Shahida Muhammad’s recent piece about dating a man who had been the victim of sexual abuse got me thinking about the inverse. What is it like for the men who lie with and/or love sisters like myself: those of us who belong to a sisterhood no woman would ever pursue. Victims, survivors, or whatever title you deem most appropriate (and by “you,” I only mean other women who have experienced this. I genuinely don’t care about what others think the term should be). And why do we here so little from women when it comes to their “life after?”

**Couple things: the relationship of the male victim of abuse/rape to society and community is very different than that of the female. This is why I am discussing women separately. Furthermore, when I put out the call for lovers of female survivors of sexual maltreatment, I only heard from men. This was not a deliberate attempt at being heteronormative. However, I’d imagine that there are some varying feelings between male lovers of female victim and female lovers of female victim, right? Okay. But we are all here to talk. All voices and ears are needed.**

This is the first in a series of a few pieces about love and sex after abuse. I have spoken to a few people about their experiences with this side of the road, and will present them sans judgment. Let me start with mine. I was sexually assaulted in Maryland on July 6, 2007. I think I would have forgotten the exact date, except that my homegirl was born on the 7th and I remember calling her up like “Hey! Happy birthday! So, um . . . bad news, though . . . ” No need to get into all of the details, but a brief overview would go something like this: it was dark, it was late, I was in car by myself. He had a gun. He got all my money and I had to perform a sex act. I was just happy he didn’t shoot me.

After: I do recall wanting to put something physical in between myself and my assailant as soon as I could.

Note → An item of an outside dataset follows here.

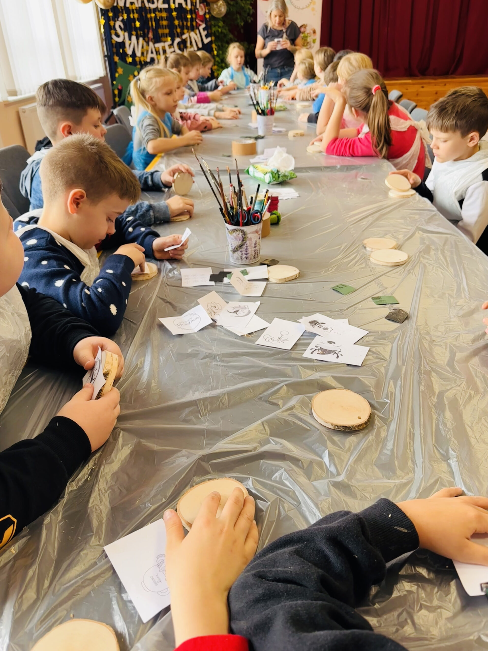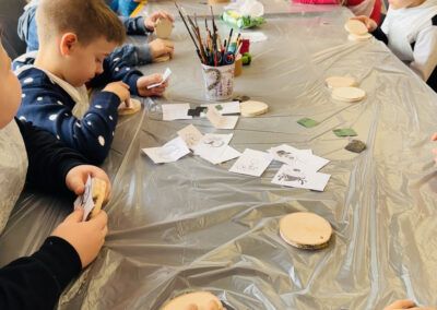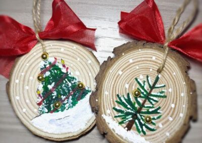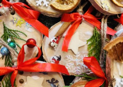 Wszystkie niezbędne materiały, w tym plastry drewna, farby, dodatki świąteczne,  a także pomoc doświadczonego instruktora, są dostarczane przez Nas. Warsztaty są dostosowane do różnych grup wiekowych i ich zdolności.

As I wasn’t dating anyone at the time (I had been cutting people off in preparation for my move), that left me with a guy with whom I had a casual acquaintanceship. We hooked up a couple of weeks later when I came back to DC for my belongings. I thought about being assaulted while I was with him. This was the case with the next few lovers. I couldn’t help it, it was still there. It’s still there now, but it doesn’t usually come up in the heat of passion.

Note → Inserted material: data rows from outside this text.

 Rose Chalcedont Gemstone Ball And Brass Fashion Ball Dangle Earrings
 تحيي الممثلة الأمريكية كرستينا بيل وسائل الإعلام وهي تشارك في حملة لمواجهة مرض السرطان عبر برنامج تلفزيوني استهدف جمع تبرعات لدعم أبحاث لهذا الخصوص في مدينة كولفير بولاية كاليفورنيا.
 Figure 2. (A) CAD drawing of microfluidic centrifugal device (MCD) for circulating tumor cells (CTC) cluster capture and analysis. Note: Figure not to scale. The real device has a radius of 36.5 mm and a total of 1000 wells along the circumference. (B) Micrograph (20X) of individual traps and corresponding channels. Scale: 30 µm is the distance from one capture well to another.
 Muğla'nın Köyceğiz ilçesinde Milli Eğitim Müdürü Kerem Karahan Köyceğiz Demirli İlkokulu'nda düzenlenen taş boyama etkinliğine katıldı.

There’s no lucky side of sexual assault, nor is there “diet” rape. But I can say that the nature of my experience allowed me to have a much easier trajectory towards healing than those who may have endured prolonged abuse, a more physically violent attack, an assault at the hands of someone they trusted, etc. However, it’s still a part of who I am and a part of the Jamilah narrative that I can’t dismiss. Thus, it is part of the information with which I have to present the men I date once I have determined that we are going to have a certain level of connectedness. I recognize that this is a part of my life—one that does correspond with my sexual identity—that they should know about.

I discovered rather quickly that I had both uneasiness about telling men what I had been through and a strong desire to do so. It’s hard for me to tell my story to platonic friends and women as well. This may sound silly, but it makes people sad and it is really hard for me to make people feel sad. Ain’t that ridiculous? I gotta live with being assaulted my whole life, but I’m worried about someone feeling sad for hearing it? LOL! (Go on, laugh. We need a LOL moment up in here.)

As this particular matter goes, I have made wise choices in picking suitors; every guy to whom I told my story has been either infuriated that it happened, deeply compassionate about my experience, and/or supportive in some other way. This was the case with my platonic brothers as well; while the women around me were saddened, there is this feeling we girls seem to have . . . this understanding that rape is just all too possible. It’s bad to hear that it happens to someone, but never surprising. The men, however, seemed to go into protector mode. An ex informed me that he felt protective of me upon hearing this, that he wanted to take care of me and keep me safe. Aww. It’s not feasible in a rape culture, but “aww” nonetheless.

Life and love and sex . . . good, hot and SAFE sex . . . continue for me post-rape, and my daily existence is not centered on what I’ve been through. It’s a piece of my story, but it’s hardly the climax. My life (love, professional, otherwise) will be colored and shaped far more by the beauty in my hands than by the ugliness of my past.